Worker done in 1.58s
Worker done in 2.02s
Worker done in 2.25s
Worker done in 0.92s
Worker done in 2.56s
Worker done in 2.72s
Worker done in 2.90s
3.16 s ± 0 ns per loop (mean ± std. dev. of 1 run, 1 loop each)

## Autosizing chunks ! (optional)

We know that greater the number is, longer it is to check if it is a
prime.

A slight optimization to our multi-processing/queued algorithm is to
make the chunks smaller and smaller with greater numbers chunks.

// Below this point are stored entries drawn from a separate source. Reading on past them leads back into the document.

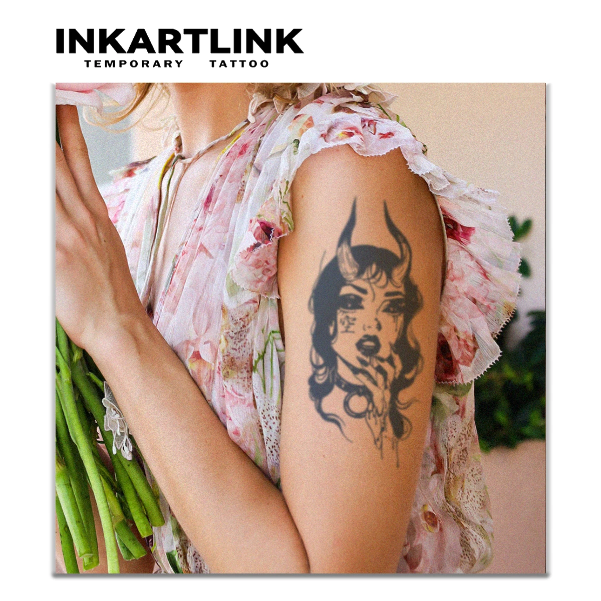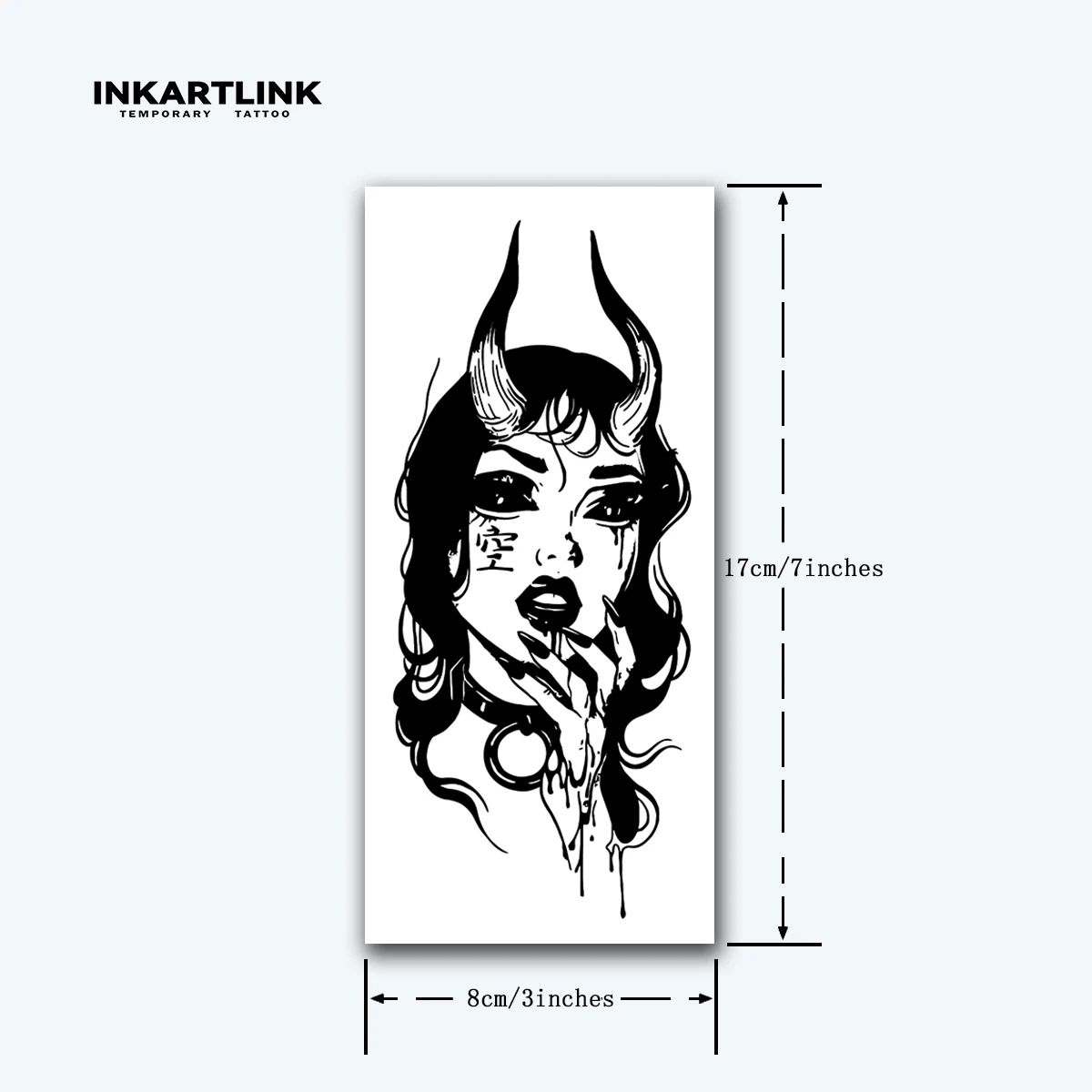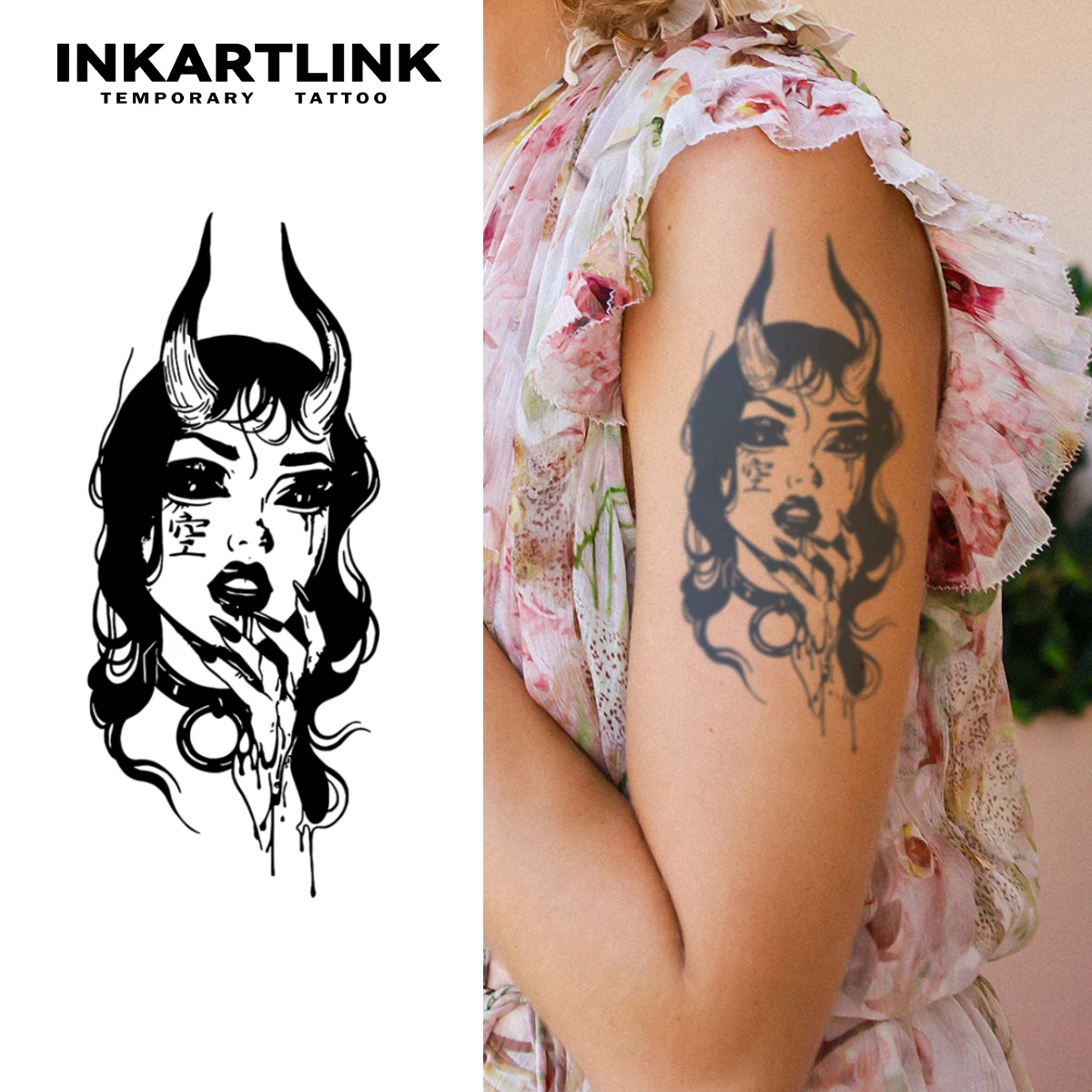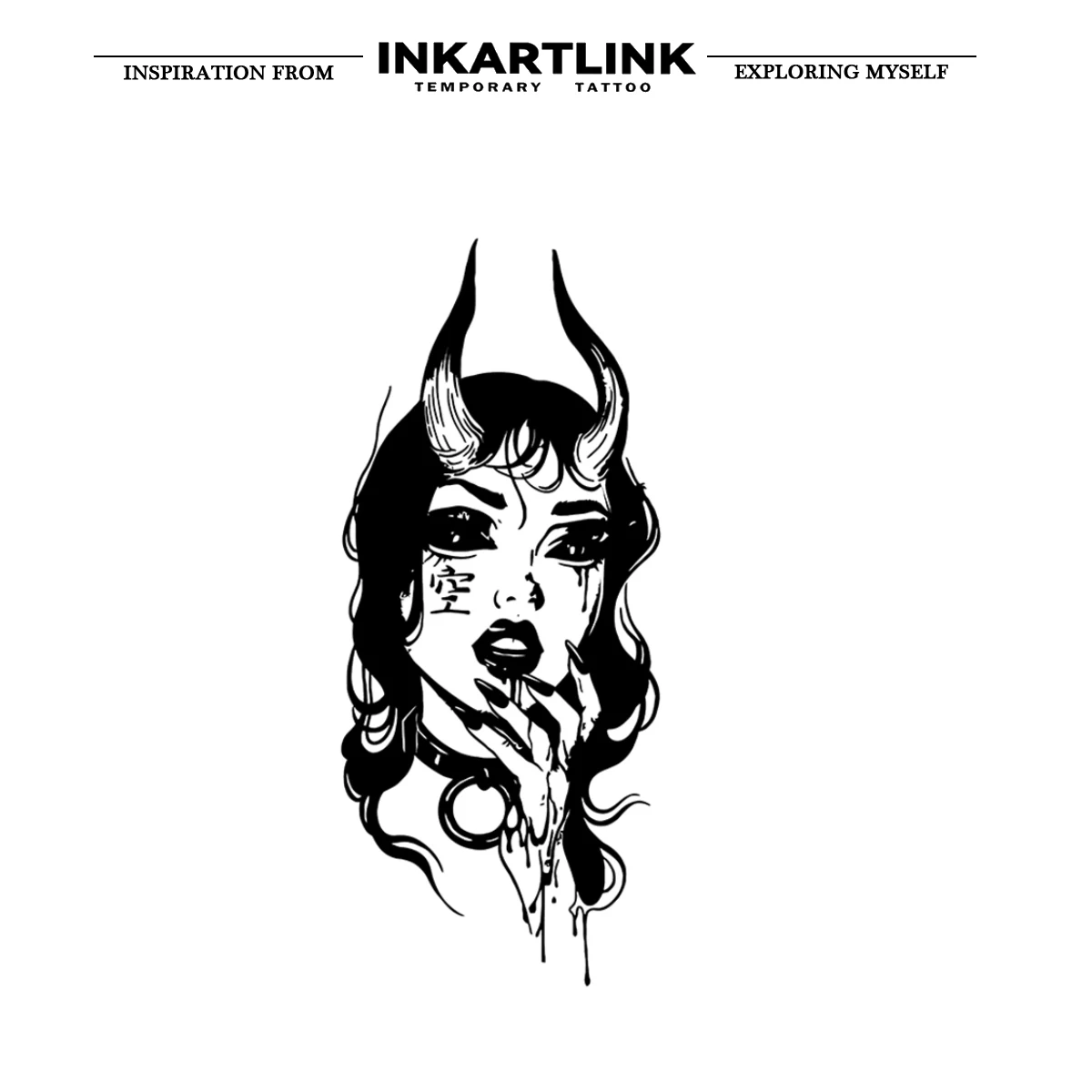 Ce tatouage temporaire représente une femme au look diabolique avec des cornes et des larmes coulant sur son visage. Ce design sombre et mystérieux est idéal pour ceux qui cherchent à exprimer un côté rebelle et énigmatique.
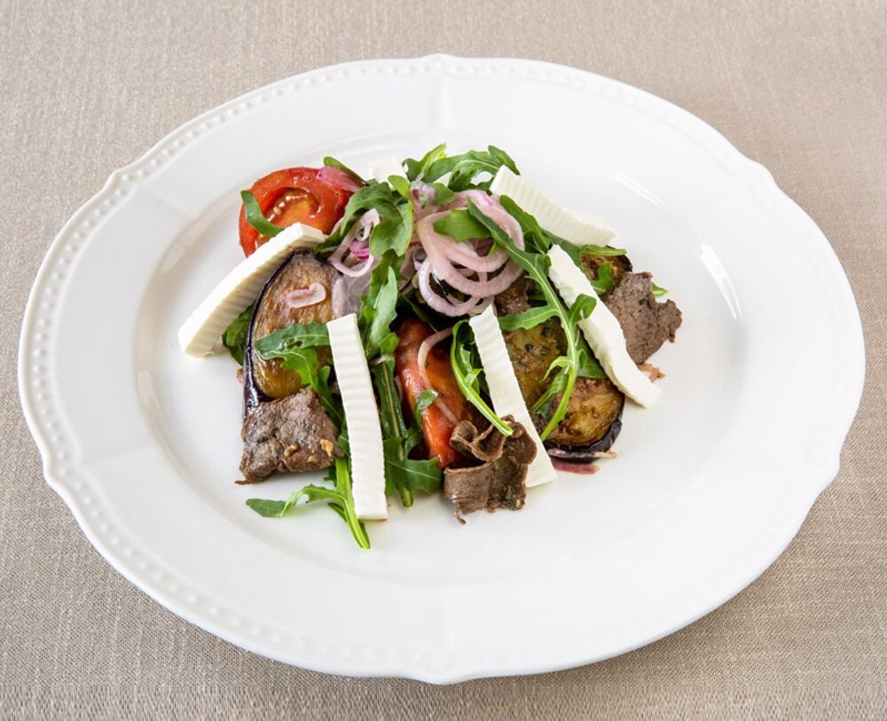 Говяжья вырезка, баклажан, помидор, сыр Фета, специи
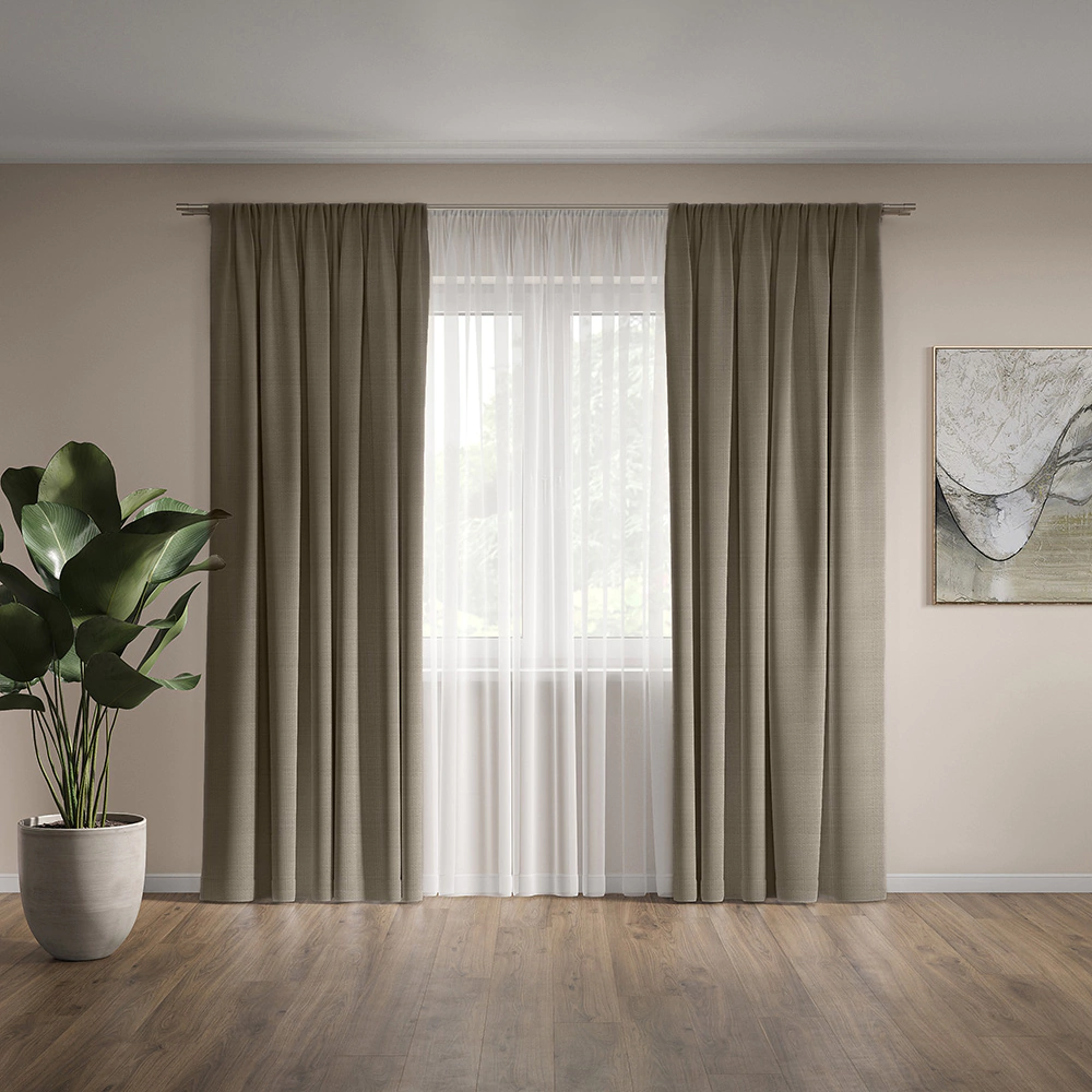 Подшита со всех сторон. Оснащена шторной лентой. Подходит для всех видов карнизов.

1.  Try to modify the `chunks` function to take this into account, test
    the function.
2.  Modify the `calculate_primes_chunks` to use this function
3.  Test and benchmark it.

### autosizing chunks example function

<span class="proof-title">*Solution*. </span>If the time to check if a
number is prime at most proportional to the square root of the number,
we can make the hypothesis that the mean real time for the check is a
“lower” power law than the square root, something like $O(N^{p)$ where
$p < \frac{1}{2}$. So the time of checking all numbers to `N` is
proportional to the integral function of this power root which is (up to
a constant) $N^{1+p}$. We can infer a method to balance the chunks size
with the number of workers.

In [13]:
def chunks_rsquared(lst, n):
    """Yield successive n-sized chunks with n recursively root-squared."""
    i = 0
    rsq = 1 + 0.3 # empirical value for the power law
    while (i < len(lst)):
        yield lst[i:i + n]
        im = i
        i = i + n
        ip = (2 * (i ** rsq) - (im ** rsq)) ** (1/rsq)
        n = max(1,int((ip-i)))

In [14]:
#! tags: [solution]
def find_start_chunk(lst,n):
    for i in range(2,n+1):
        res = list(chunks_rsquared(lst,int(len(lst)/i)))
        if len(res) >= n:
            return res

### Test it

In [15]:
list(chunks_rsquared(range(1,100),50))

[range(1, 51), range(51, 86), range(86, 100)]

In [16]:
find_start_chunk(range(1,100),10)

[range(1, 20),
 range(20, 33),
 range(33, 44),
 range(44, 54),
 range(54, 63),
 range(63, 71),
 range(71, 78),
 range(78, 84),
 range(84, 89),
 range(89, 93),
 range(93, 96),
 range(96, 98),
 range(98, 99),
 range(99, 100)]

### Modify the main worker process function

In [17]:
def calculate_primes_chunks_rsquared(ncores,N):
    with Manager() as manager:
        input = manager.Queue()
        output = manager.Queue()

        with Pool(ncores) as p:
            it = p.starmap_async(find_prime_worker,[(input,output)]*ncores)
            for r in find_start_chunk(range(1,N),ncores):
                input.put(r)
            for i in range(ncores): input.put(None)
            it.wait()
            output.put(None)

        res = list(chain(*list(iter(output.get,None))))
    return res

### Test and benchmark it

In [18]:
%timeit -r 1 -n 1 calculate_primes_chunks_rsquared(8,N)

Worker done in 2.10s
Worker done in 2.11s
Worker done in 2.21s
Worker done in 2.26s
Worker done in 2.30s
Worker done in 2.34s
Worker done in 2.40s
2.52 s ± 0 ns per loop (mean ± std. dev. of 1 run, 1 loop each)

This gives a better balance between the workers and the chunks size.